Question

If a confidence interval is given from 45.82 up to 55.90 and the mean is known to be 50.86, what is the margin of error?

Answer 1

`ME = (10.08)/(2)= 5.04`

Explanation:

Previous concepts

A confidence interval is "a range of values that’s likely to include a population value with a certain degree of confidence. It is often expressed a % whereby a population means lies between an upper and lower interval".

The margin of error is the range of values below and above the sample statistic in a confidence interval.

Normal distribution, is a "probability distribution that is symmetric about the mean, showing that data near the mean are more frequent in occurrence than data far from the mean".

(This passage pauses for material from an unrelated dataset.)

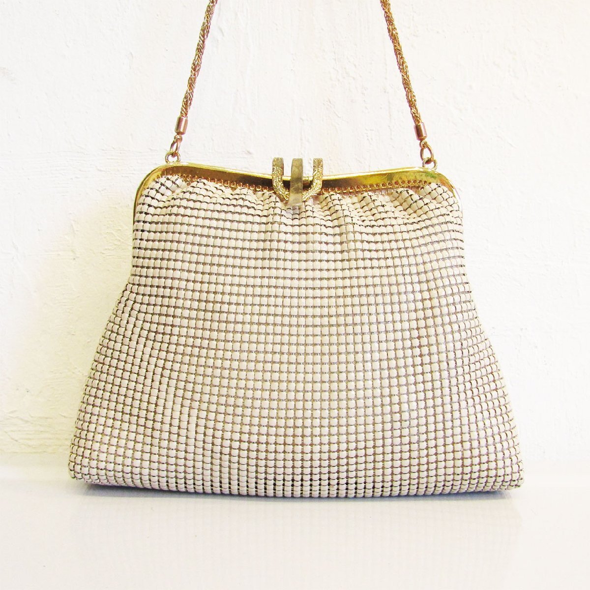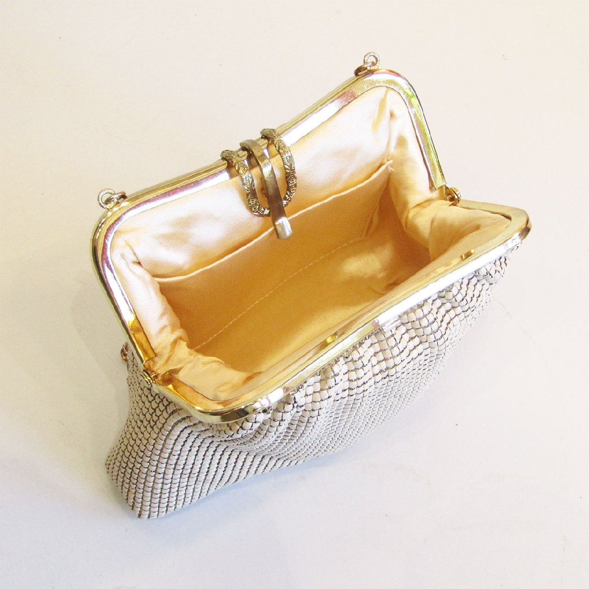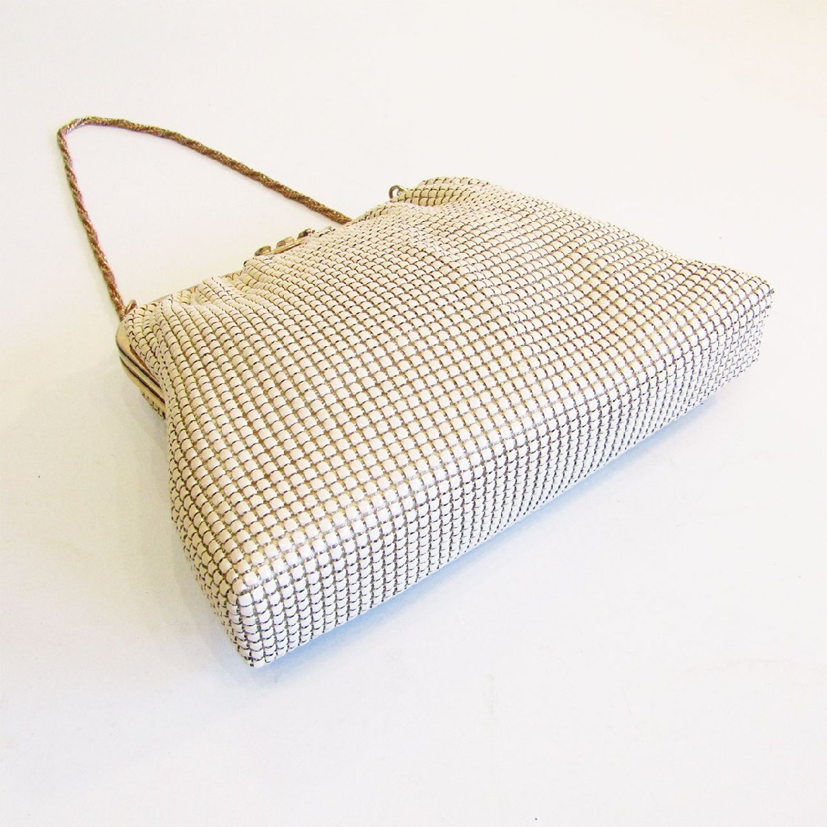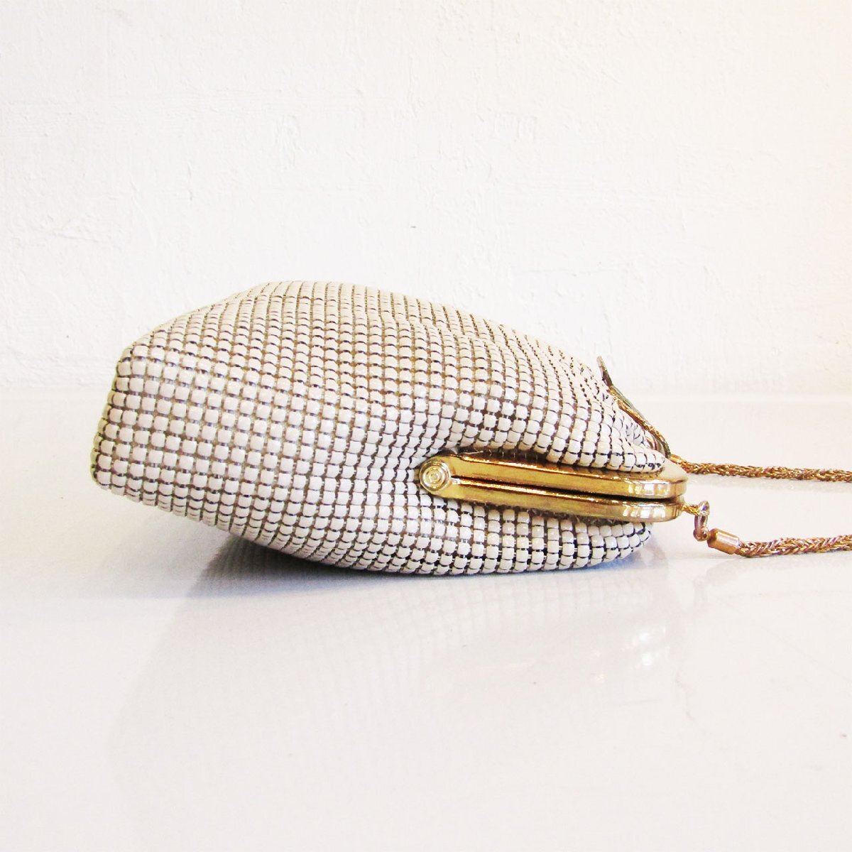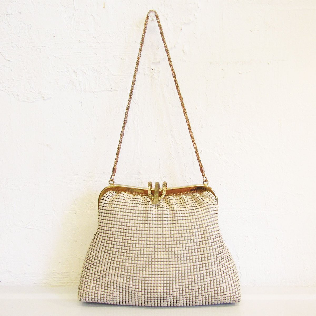 アイボリーカラーのメタルメッシュにゴールドカラーのチェーンと金具がマッチしております。

`\bar X=50.86` represent the sample mean

`\mu` population mean

s represent the sample standard deviation

n represent the sample size

Solution to the problem

The confidence interval for the mean is given by the following formula:

`\bar X \pm ME` (1)

Or equivalently:

`\bar X \pm t_(\alpha/2)(s)/(√(n))` (2)

Where the margin of error is given by:

`ME=  t_(\alpha/2)(s)/(√(n))`

For this case we have the confidence interval limits given (45.82, 55.90)

We can find the width of the interval like this:

`Width =55.90-45.82= 10.08`

And now the margin of error would be the half of the width since we assume that the confidence interval is symmetrical.

`ME = (10.08)/(2)= 5.04`